From such a perspective, the literary text actively shapes or “styles” existence while readers, perforce the affects that guide their reading, become “reinventors” of the text (178). The profundity of Dick Hebdige’s “meaning of style” assumes a new, literary dimension here. The text as “social artifact” (176) is an “open artwork” in Umberto Eco’s sense of being “a work to be completed[9]—possibly even “relational” in Nicolas Bourriaud’s sense of creating “ways of living and models of action” rather than “imaginary and utopian realities.”[10] Perhaps aesthetics can generate new attachments, new “reading formations” in Anglo-American criticism from such a vantage point. If so, this timely, forceful and important book is likely to have played a part in it. In any case, it fully accomplishes what it sets out to do: exposing the limits of the eminent scholarly practice known as critique. Whether or not new critical possibilities flourish in its wake is up to its readers.


Laura Bieger (Freiburg)


[1] Rita Felski, Uses of Literature (Malden MA and Oxford UK: Blackwell, 2008).

[2] Rita Felski, “Everyday Aesthetics,” The Minnesota Review 71-72 (2009), p. 174.

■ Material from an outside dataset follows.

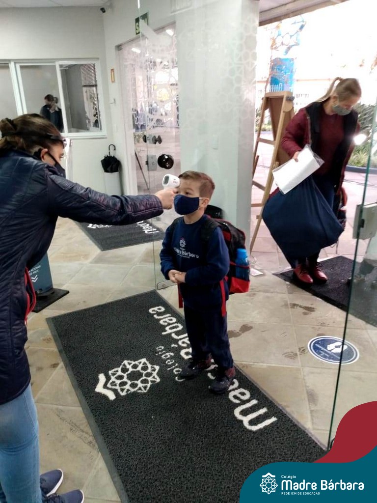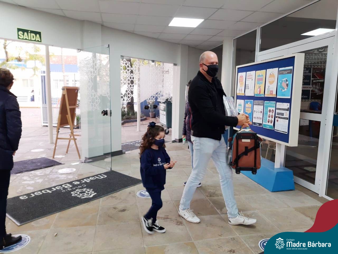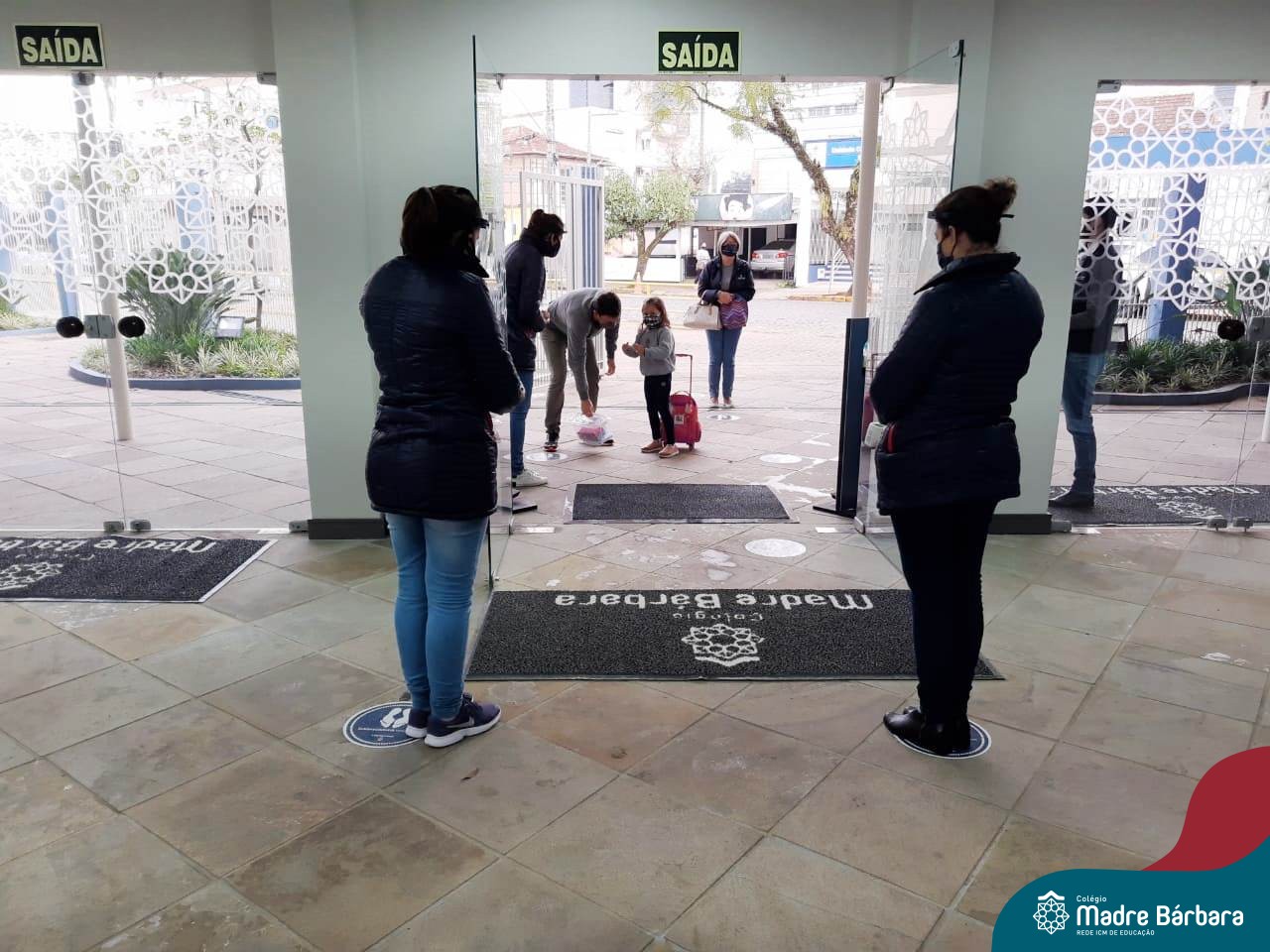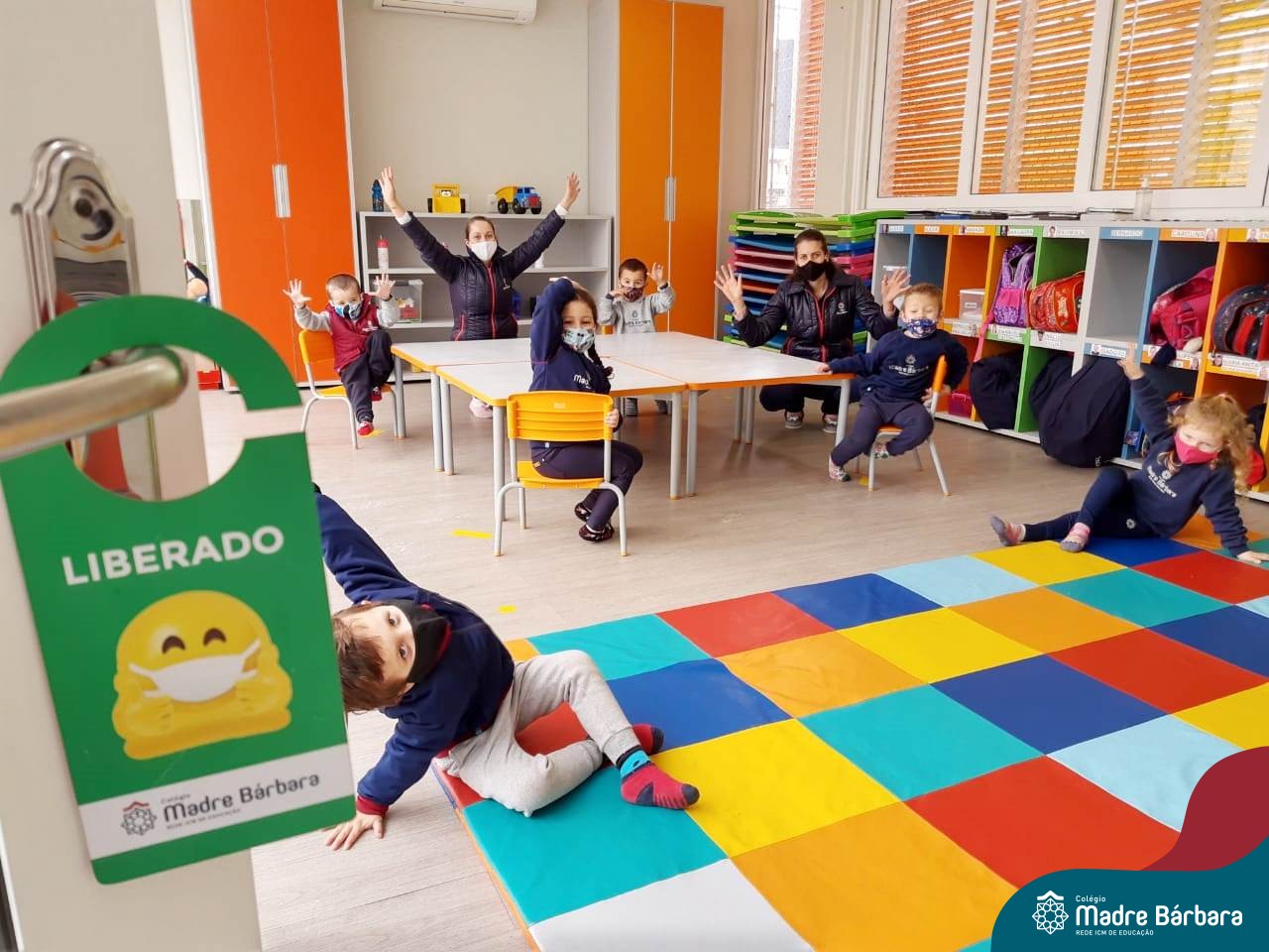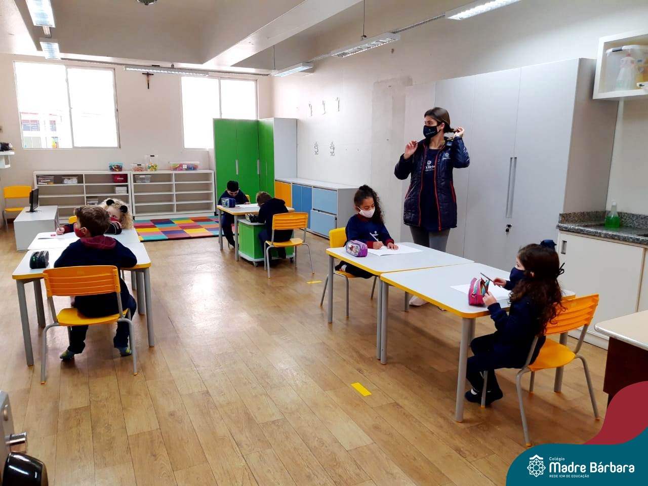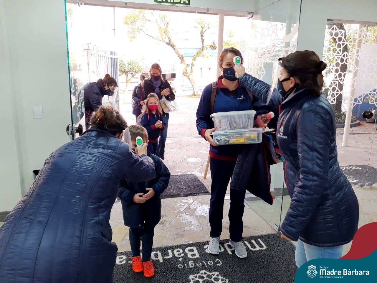 Nesta terça-feira (15) o Colégio Madre Bárbara – Rede ICM retornou com os atendimentos presenciais na Educação Infantil. Com todos os protocolos, medidas e cuidados de higiene e segurança, 184 crianças estão retornando para a escola. Destas, farão revezamento em dois grupos (A – segunda, terça e quarta-feira e B – quinta e sexta-feira), preenchendo 50% da capacidade da sala. O Colégio conta com equipes responsáveis pelo fluxo de entrada e saída, com checklist de aferição da temperatura, conferência do uso correto de máscaras, higienização dos pés no tapete sanitizante e limpeza das mãos com álcool gel.

[3] Adam S. Miller, Speculative Grace: Bruno Latour and Object Oriented Theology (New York: Fordham UP, 2013), p. 109.

[4] Rita Felski, Introduction to the Special Issue “Interpretation and Its Rivals,” New Literary History 45.2 (Spring 2014), p. vi.

[5] Felski, Intoduction, p. v.

[6] Bruno Latour, Reassembling the Social (Oxford: Oxford UP: 2005), p. 218.

[7] W. J. T. Mitchell, What Do Pictures Want? The Loves and Lives of Images (Chicago: U of Chicago P, 2005).

[8] Miller, Speculative Grace, p. 109; Latour, Reassembling the Social, p. 245.

[9] Umberto Eco, The Open Work, translated by Anna Cancogni (Cambridge, Mass.: Harvard UP, 1989), p. 19.

[10] Nicolas Bourriaud, Relational Aesthetics (Dijon: Les presses de reel, 2002), p. 13.